子育てをしていれば、嬉しい時もある反面、自分の思い通りにならない辛い時もあります。
親としてはいつも明るく機嫌良く在りたいものですが、実行するのは大変です。
研究によれば、意識的に振る舞いを変えることで、ある程度自分の心を操ることができるそう。
サマリーをシェアします。
2020年 アメリカ カリフォルニア大学リバーサイド校のソーニャ・リュボミルスキー教授を筆頭著者とする、行動の変化が心に及ぼす影響について調べた研究結果が発表されました。
研究には、131人の大学生(男性40人、女性91人、平均年齢19.2歳)が参加しました。
参加者に、1週間は外向的に振る舞い、もう1週間は内向的に振る舞うよう指示しました。
参加者は、外向的に振る舞う週には、おしゃべりで、自己主張が強く、自発的に行動するように言われました。
反対の内向的に振る舞う週には、普段より慎重に、静かに、控えめに過ごすように言われました。
そして、毎週毎にオンラインで評価を行いました。
加えて週に3回、アンケートも実施しました。
結果、次のようなことが分かりました。
1、人は外向的に1週間過ごすと幸福感が増加し、内向的に1週間過ごすと幸福感が減少しました。
2、人が自分の行動スタイルを変えると、その人の性格は変えた方向へと変化することが示唆されました。
3、生まれつき内向的な人が、外向的な人のように振る舞うのは苦痛ではなく、むしろ外交的な1週間を過ごすことで幸福度が高まりました。
4、社会的な振る舞いを変えることは多くの人にとって実現可能な目標であり、外向的な振る舞いをすることで幸福度が向上します。
出典:Journal of Experimental Psychology
https://psycnet.apa.org/doiLanding?doi=10.1037%2Fxge0000668
生まれ持った自分の性格的な特性を意志の力で変えるのは大変ですが、表面的な振る舞いを外交的に変えるのは、誰にとっても苦痛ではないとのこと。
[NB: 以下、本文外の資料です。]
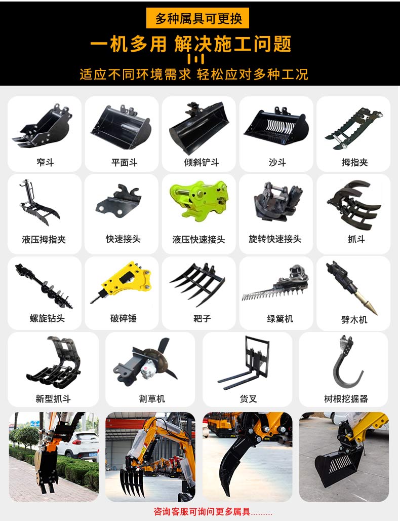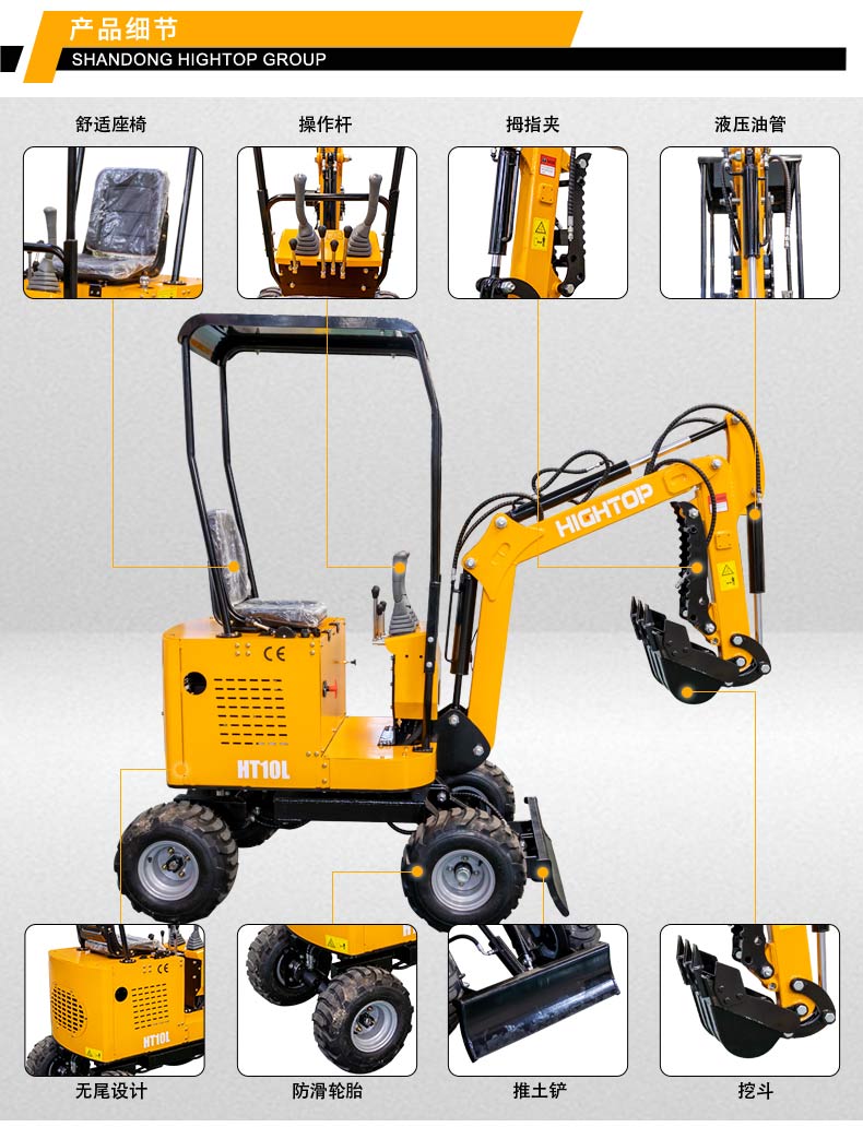 10L轮挖后轮转向加后轮驱动,底盘高,容易通过凹凸路面,不容易托底,前置推土铲,在推土作业和挖掘机工作时支撑地面,提高整车挖掘时的稳定性。
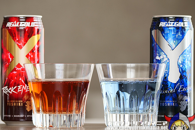 どちらも中身の色が落ち着いた印象でギラギラしていないのが個人的に好きです。もっとコントラストの強い色でもエナジードリンクらしく見えますが、それだと上品さに欠けたり色によってはチープな感じになりがちなので、YOSHIKIの印象とかけ合わせてもこのくらいの色合いは良かったんじゃないかなと。

性格が振る舞いを作ると思われていますが、性格そのものではなく振る舞いを変えることで、幸福感を操作できるとは驚きの研究結果です。
確かにノビノビと自分を解放できたら、気持ちが楽になりますね。
ただ、私がこの研究論文を読んで気になったのは、この研究データのサンプルがアメリカの大学生だということ。
彼らは遊び心を持って実験を楽しんだ様子ですが、もし日本の大学生だったら、どんな結果になったのでしょう?
「外交的になりなさい」との指示に真面目に取り組み過ぎて、しんどくなってしまうかもしれません。
そういえば私がCA時代、徹底的に鍛えられたのが、本心を顔に出さないこと。
CAに限らず接客業ならどこでも当たり前ですが、特に、疲労感と嫌悪感を顔に出すのは絶対NGとして厳しく訓練されました。
もちろん笑顔で元気に振る舞ったら疲れが吹き飛ぶなんて幻想で、プロ根性で乗り切るしかありません。
現役を退いた今では、ネガティブな感情も普通に顔に出せるのがストレスフリーで幸せです。
それを思い返しても、子どもに「外交的に振る舞いなさい」なんて無理強いしたくありません。
研究では外交的に振る舞うと幸福度が上がるとのことでしたが、それは明るく快活な優等生を演じるという事ではなく、自分の感情や意思を無理のない範囲で周囲にオープンにするという事だと思います。
なので子どもの上手く言葉にならないモヤモヤとした不安や葛藤は、せめて親に対しては吐き出して欲しいですね。
学校という場所は集団での協調性が求められますから、考え方が自由な子どもほど、規律に縛られ苦労が耐えません。
だから家庭の中くらいは、ちょっと甘ったれで自己主張が強くても、自分に正直で外交的な振る舞いという事にして大目に見てあげたいなと思うのです。